**Saved entries:**
________________________

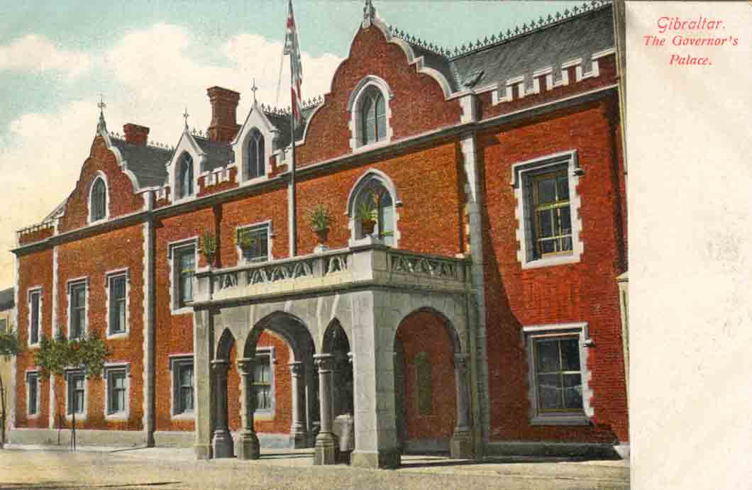 Old postcard of Gibraltar depicting The Convent as viewed from Convent Place.
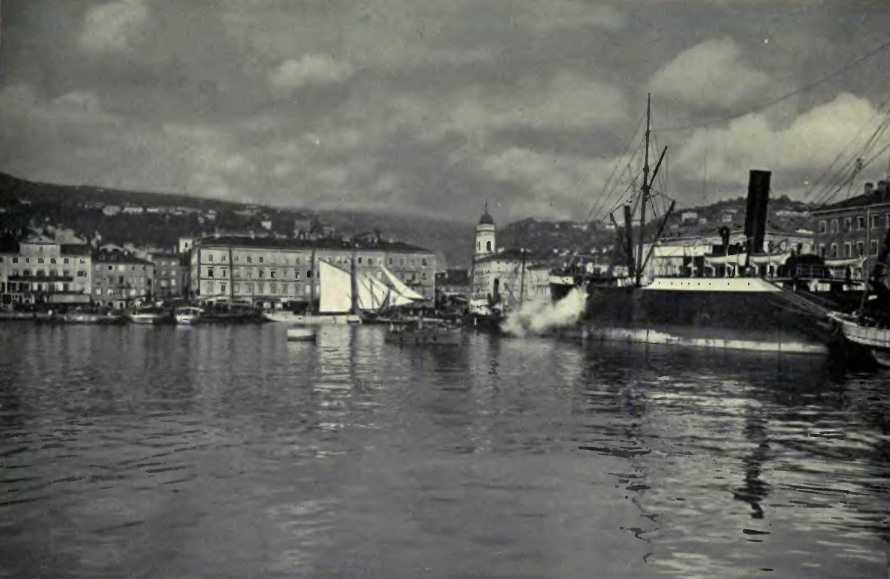 Fiume, Hungary's only port, taken from her by the Treaty of Trianon, early XX century.
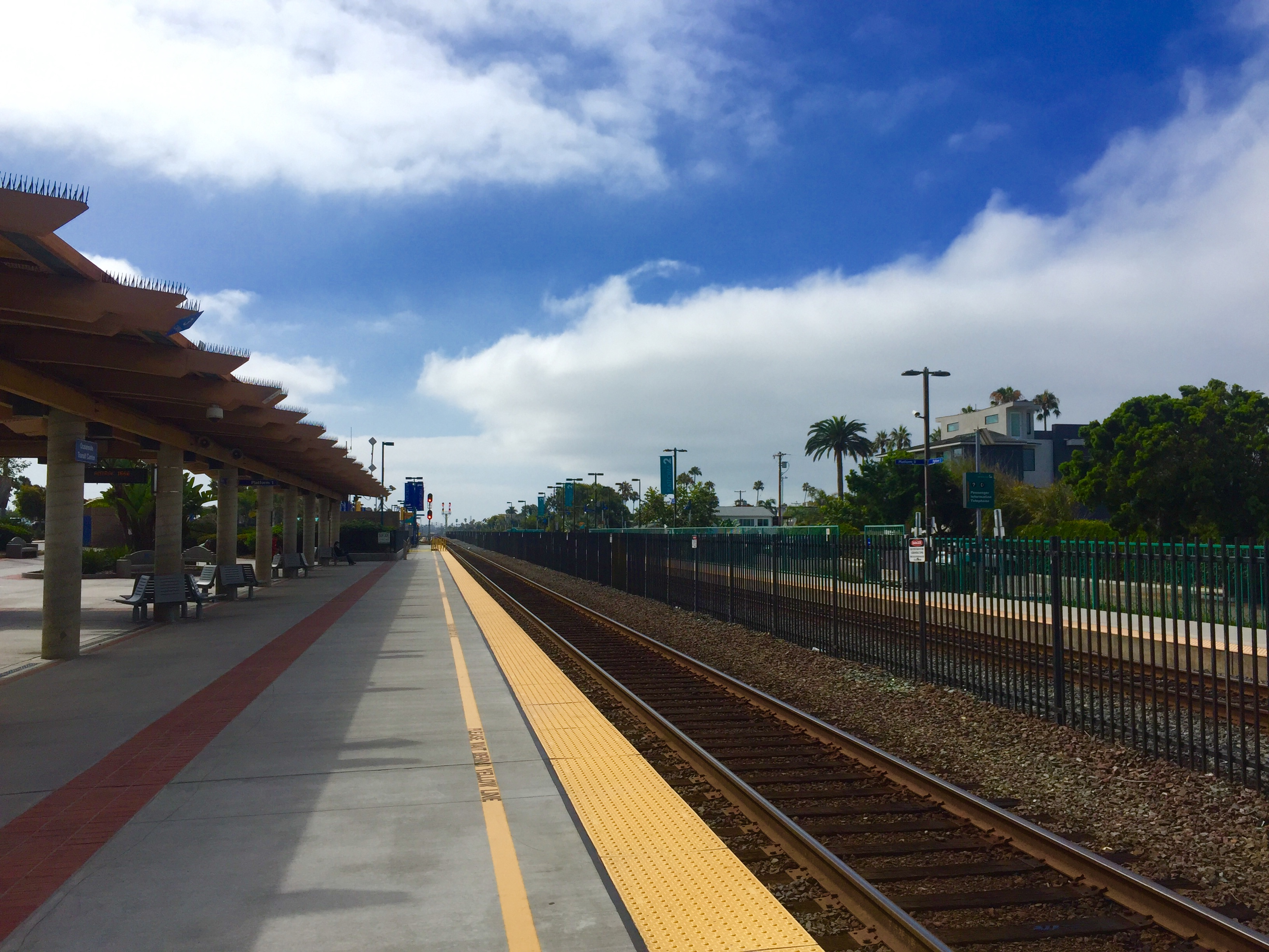 A view looking south on Platform 1 at Oceanside Transit Center. The third platform is out-of-view in this picture, but is located south adjacent to the Sprinter platforms.
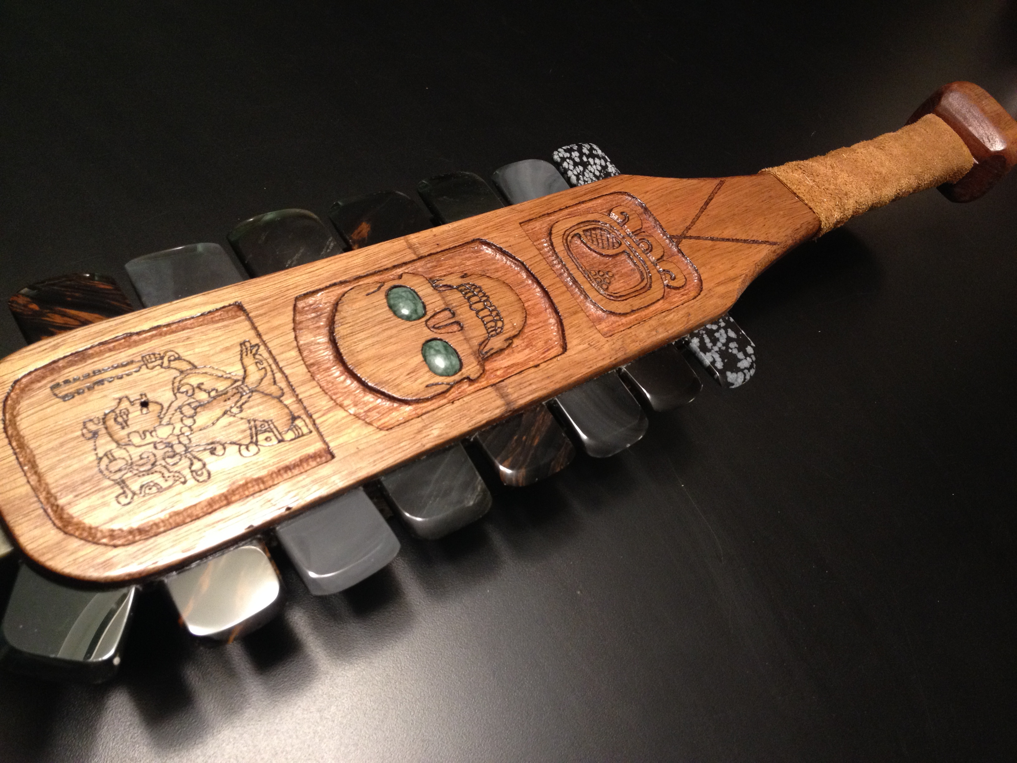 A Modern recreation of a ceremonial macuahuitl made by Shai Azoulai. Photo credit: Niveque Storm
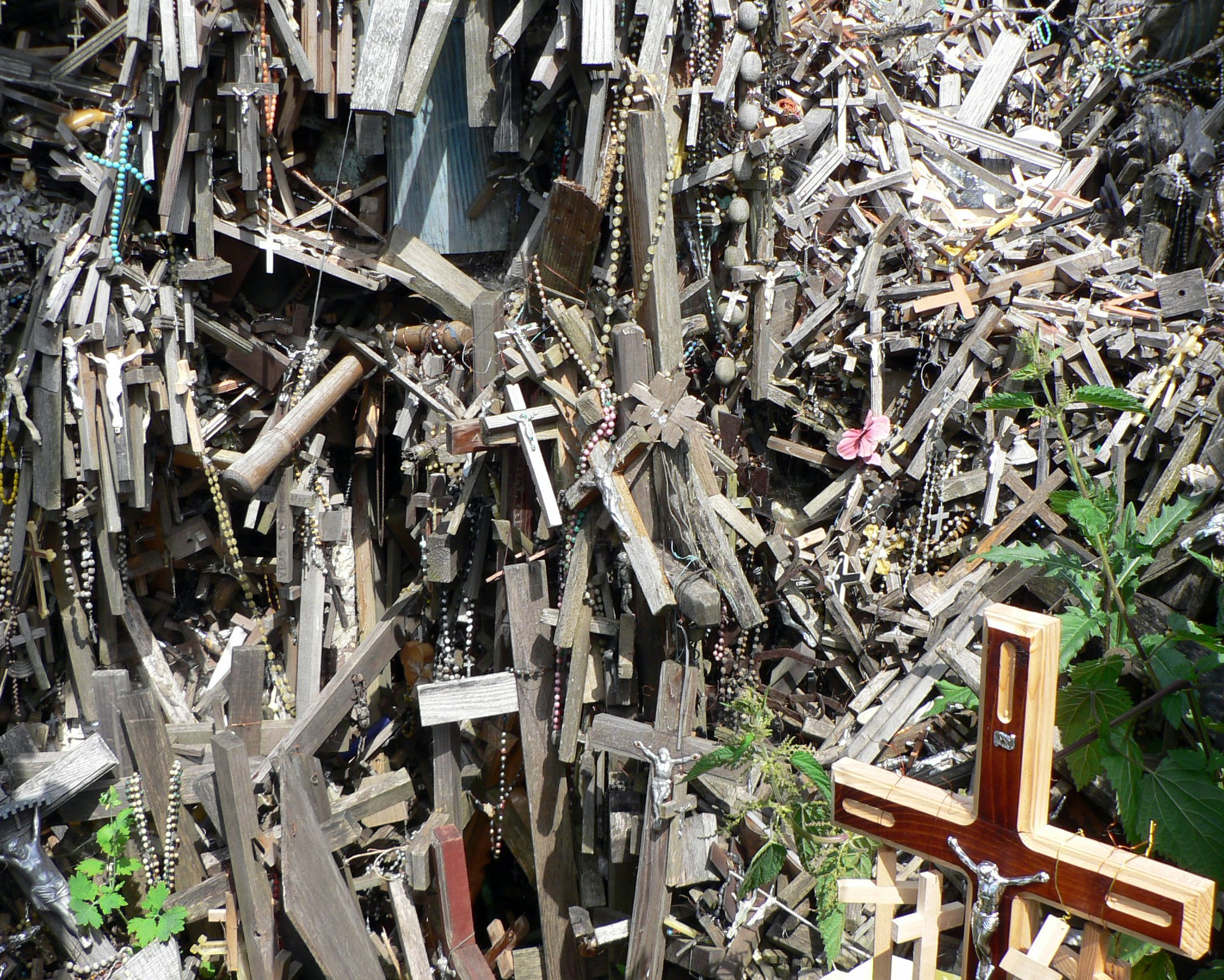 Hill of Crosses near Šiauliai, Lithuania

________________________

**How to complete this task:**
Because the pictures are not wanted, retype only the text of every record, exactly as given.

**Output of the task:**
 Old postcard of Gibraltar depicting The Convent as viewed from Convent Place.
 Fiume, Hungary's only port, taken from her by the Treaty of Trianon, early XX century.
 A view looking south on Platform 1 at Oceanside Transit Center. The third platform is out-of-view in this picture, but is located south adjacent to the Sprinter platforms.
 A Modern recreation of a ceremonial macuahuitl made by Shai Azoulai. Photo credit: Niveque Storm
 Hill of Crosses near Šiauliai, Lithuania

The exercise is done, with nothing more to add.